Ingrid García-Jonsson (born 6 September 1989) is a Swedish-Spanish actress. She was nominated to the Goya Award for Best New Actress for her performance in Beautiful Youth (2014).

==Early life==
Born in northern Sweden to a Spanish father and a Swedish mother, García-Jonsson moved with her parents to Seville in Spain at a young age. García-Jonsson studied architecture, and first worked as a waitress in a bar.

==Career==
García-Jonsson made her film debut as in Okupados (2011). She received her first major role in Beautiful Youth, which premiered at the 2014 Cannes Film Festival and received good reviews.

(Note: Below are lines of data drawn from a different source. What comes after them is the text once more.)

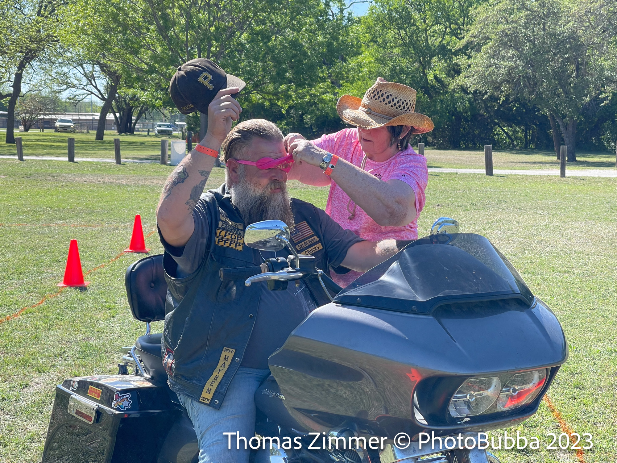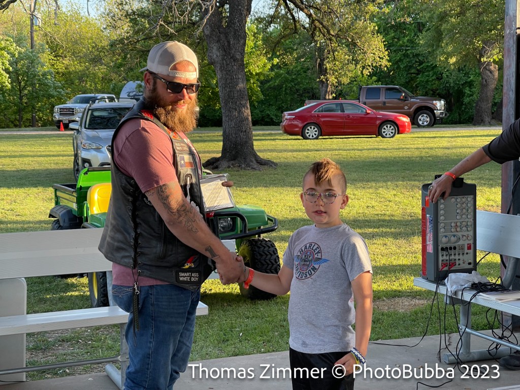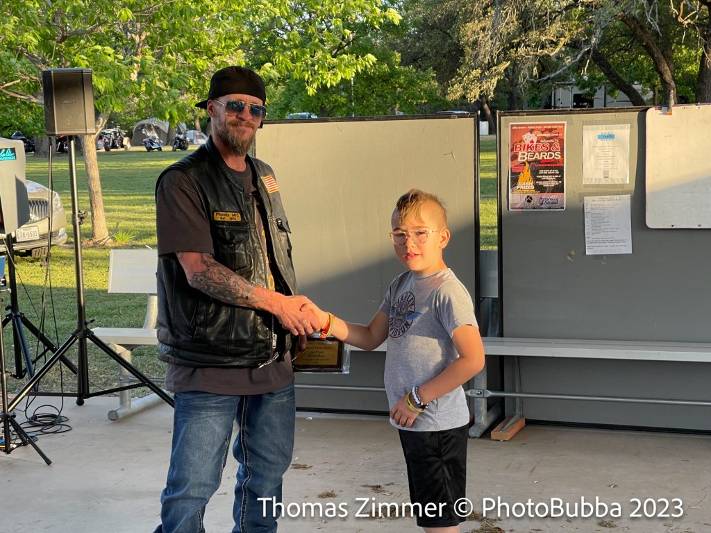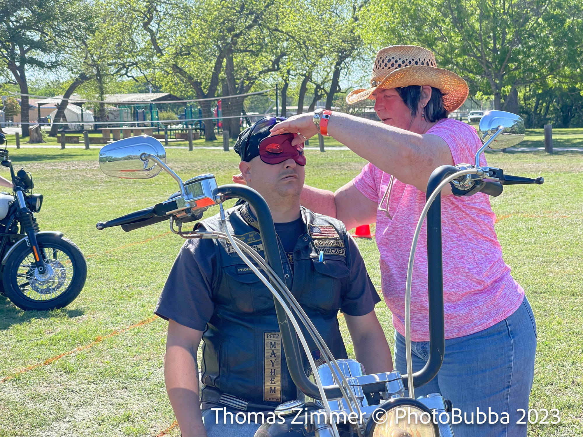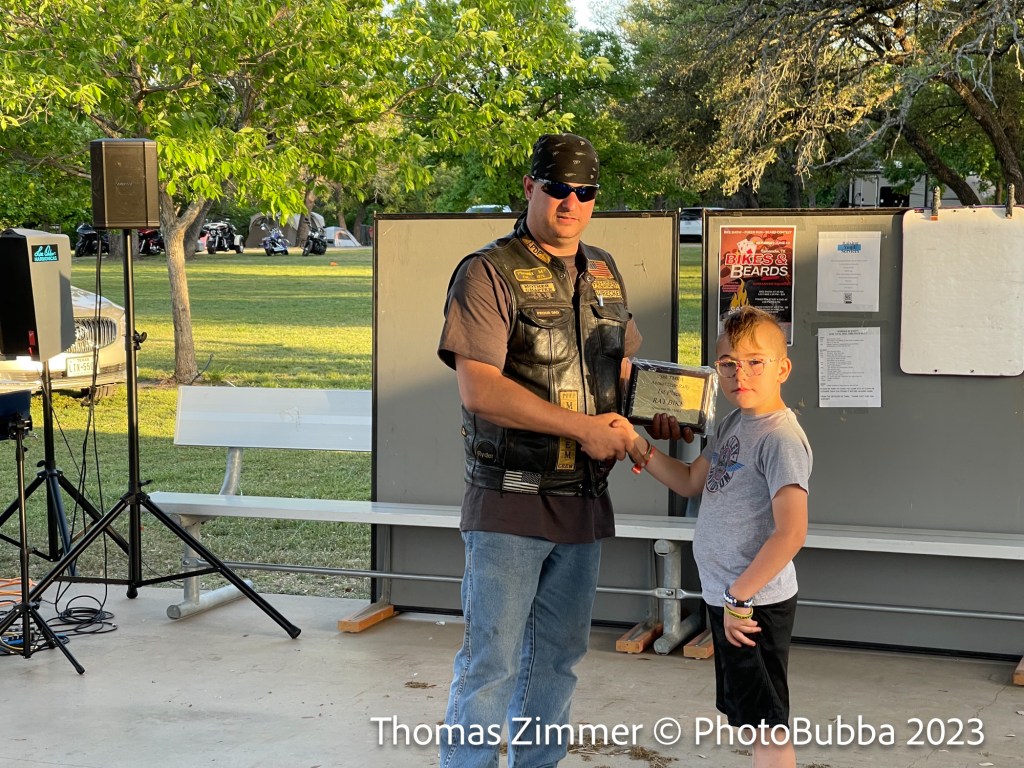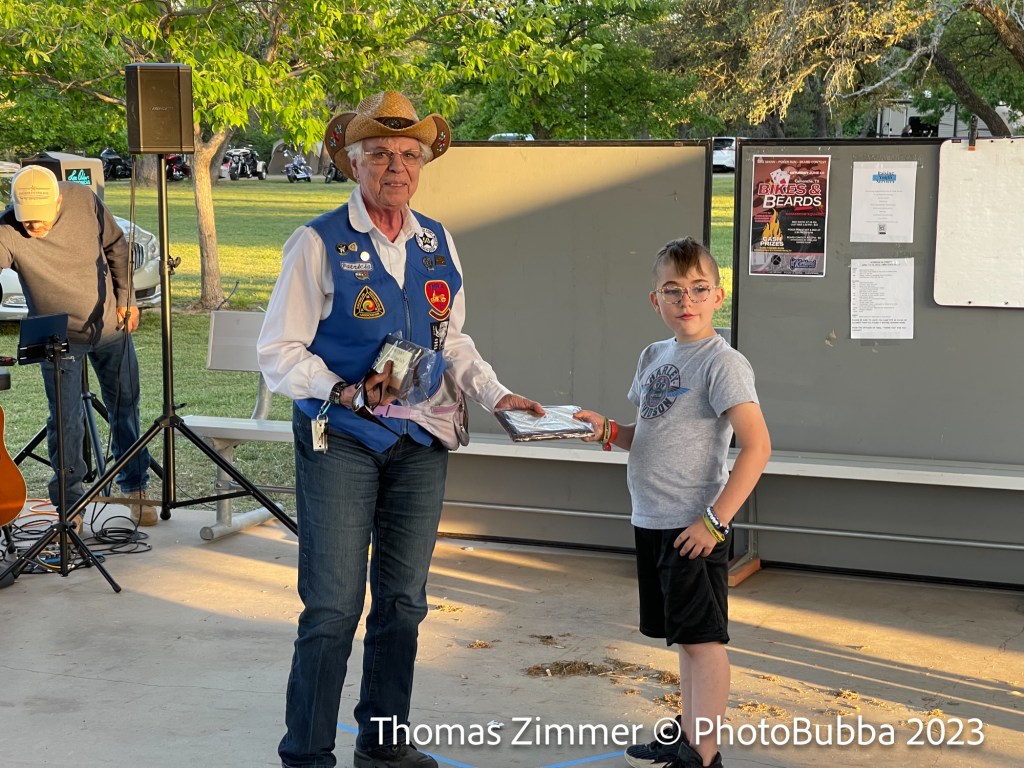 We headed out Friday afternoon for Comanche Texas to attend the 50 year anniversary rally for TMRA (Texas Motorcycle Roadriders Association). It was a bit warm Friday afternoon, but Saturday and Sunday were wonderful. Our fearless leader Jean Hudgins has passed away a few months ago, so I think everyone was still in a bit of a shock, but rally attendance was good, and we had a great time. The rally included the usual components, like the silent auction, the Hobo Stew (no hobos were harmed in the making of this stew), the Bike show, Saturday morning hill country ride, Saturday afternoon bike games, including one bike spill. Fortunately no-one was injured, and the lucky (lucky?) fellow won first price in the blindfolded bike ride because he crashed right on top of the target cone Amazing!. We also had some great tunes Saturday evening after the awards ceremony, and got to talk with old friends and go to dinner of course. Sunday Don Potter held a short memorial for Jean, followed by a great sermon and music. I got lots of pictures, including one of the bike spill, but unfortunately no video of that part. I did get video of the Bike Parade, the Memorial, and the service Sunday morning which are posted below, followed by the photos.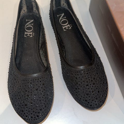 & Other Stories ballerinasko i størrelse 40. Skoene er sølvfargede med dekorative detaljer på overdelen. Flat såle og avrundet tå gir et enkelt og klassisk uttrykk. Passer til hverdagsbruk eller til anledninger der man ønsker et par enkle, lave sko i nøytral farge.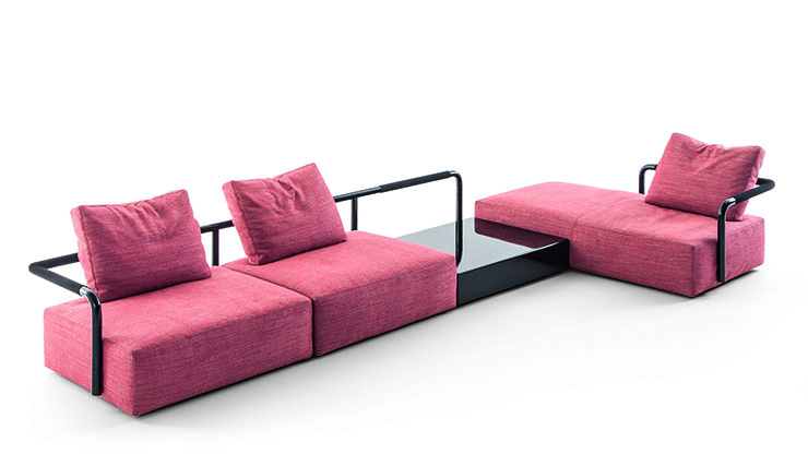 Grcic sviluppa questo forte elemento architettonico utilizzando il tubo a vista che delimita il perimetro del divano, creando un confine protettivo che definisce lo spazio all’interno dello spazio. Il tubo è costituito da quattro diverse parti intercambiabili, unite grazie ad un sistema di giunti invisibili, che permettono la realizzazione di diverse composizioni. Alcuni segmenti esterni del tubo sono ricoperti da poliuretano espanso integrale, sia per motivi estetici che funzionali.
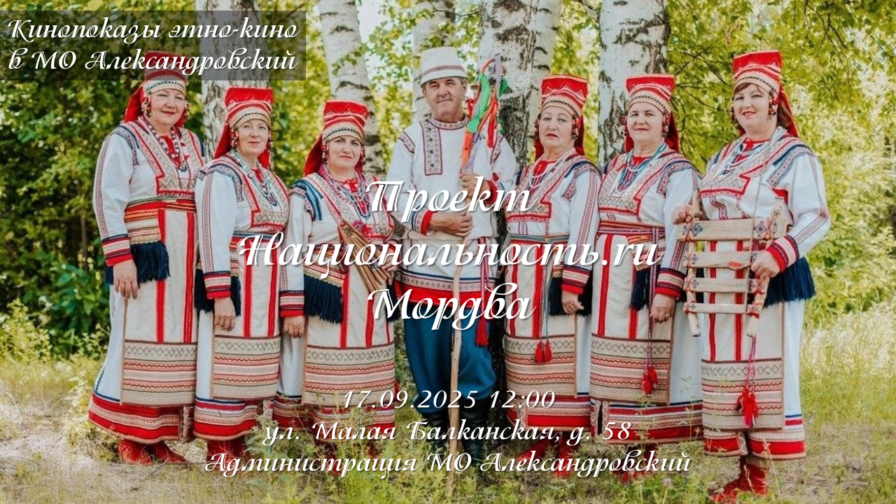 17 сентября в помещении Администрации МО Александровский состоится показ фильма о народе Мордва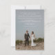 Célébrez les nouveaux Monsieur et Madame avec cette annonce de mariage et invitation élégante et charmante ! Ce design présente un style moderne et un espace pour que vous puissiez afficher l'une de vos photos de mariage incroyables sur le devant et une seconde photo au dos. Il comprend également un calque dégradé noir dont vous pouvez ajuster le placement pour mettre en valeur votre texte. Pour ajuster la photo, déplacez simplement le calque de la photo au-dessus du calque dégradé, puis revenez-y une fois terminé.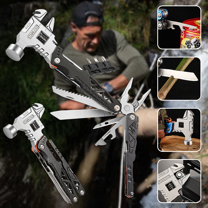 OUTIL MULTIFONCTION : Cet outil polyvalent comprend une clé à molette, un marteau, un arrache-clou, des tournevis, un coupe-fil, une pince ordinaire, une pince à bec effilé, une tige de silex, un sifflet de sécurité, un ouvre-bouteille, un ouvre-boîte, un enfileur, un couteau, une scie et plus encore – tout ce dont vous avez besoin dans un seul appareil compact.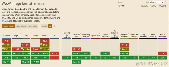 WebP 的高效压缩和快速加载速度,使其成为网页设计的理想格式。WebP 广泛应用于许多网站和应用程序中,包括 Google Chrome 浏览器、YouTube、Facebook、Pinterest 和 WordPress 等。虽然前几年有部分浏览器不支持 WebP,到了今天,除了已经退休的 IE 浏览器,基本上浏览器都已经开放支持 WebP。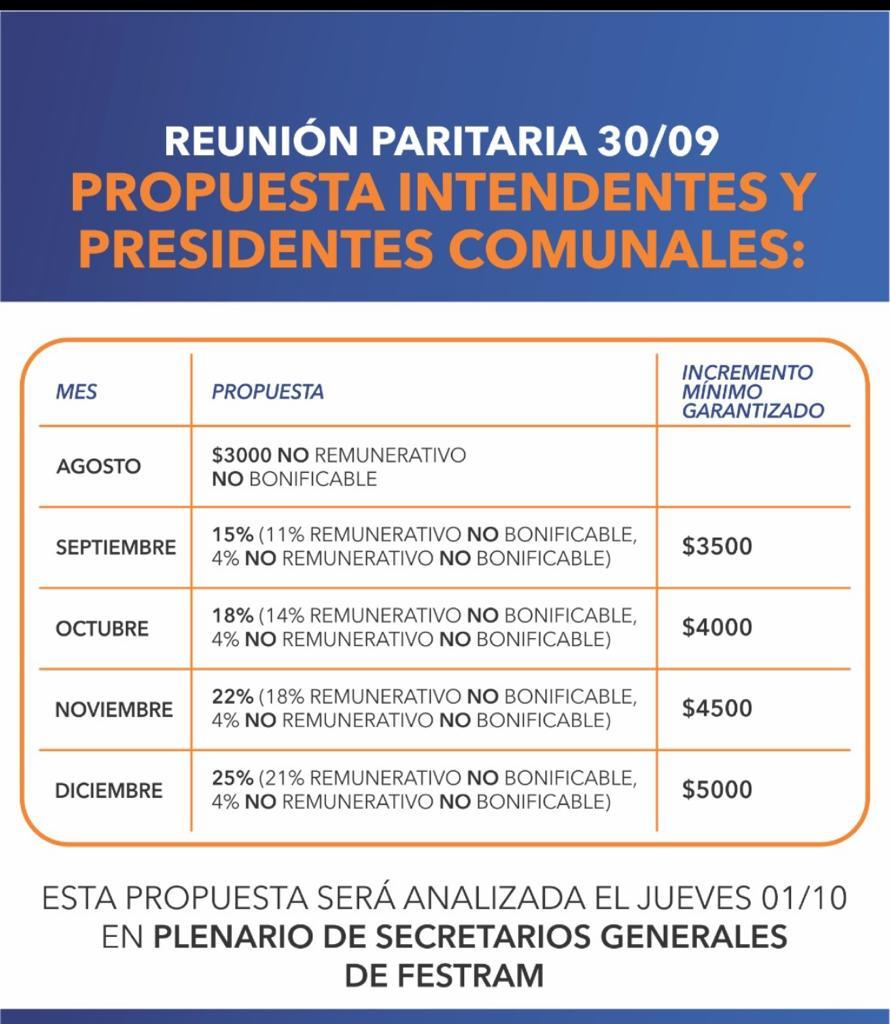 En el marco de las reiteradas reuniones dadas para lograr un acuerdo salarial, los Intendentes y Presidentes de Comunas de la provincia elevaron a FESTRAM la siguiente propuesta, la cual fue rechazada: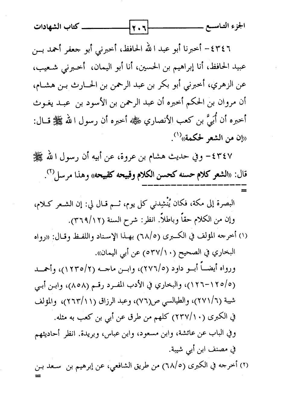 4346 - أخبرنا أبو عبد الله الحافظ ، أخبرني أبو جعفر أحمد بن عبيد الحافظ ، أنا إبراهيم بن الحسين ، أنا أبو اليمان ، أخبرني شعيب ، عن الزهري ، أخبرني أبو بكر بن عبد الرحمن بن الحارث بن هشام ، أن مروان بن الحكم أخبره أن عبد الرحمن بن الأسود بن عبد يغوث أخبره أن أُبَيَّ بن كعب الأنصاري رضي الله عنه أخبره أن رسول الله قال : ' إن من الشعر لحكمة ' ( 1 ) .

García-Jonsson became well known as an actress in independent films, and was nominated to Feroz Awards, Forqué Awards, Gaudí Awards, and Goya Awards.

In the film Knight and Day (2010), García-Jonsson was the stuntwoman for Cameron Diaz.

García-Jonsson played Amalia along Carlos Areces and Oscar Martínez in Me, Myself and My Dead Wife (2019), directed by Santiago Amodeo. She also appeared in political satire comedy The Little Switzerland (2019), portraying Nathalie, a secretary of the ayuntamiento of Tellería (a Castilian municipality surrounded by the Basque Country) who is keen on the village joining the Swiss Confederation. She featured as Eva alongside Verónica Forqué, Rosa Maria Sardà and David Verdaguer in So My Grandma's a Lesbian! (2019) by Ángeles Reiné.

In October 2020, she began shooting Álex de la Iglesia's slasher Venicephrenia, portraying Isa, a Spanish tourist in Venice about to get married. In July of the same year, she was reported to have joined the shooting of workplace comedy film Camera Cafe, la película.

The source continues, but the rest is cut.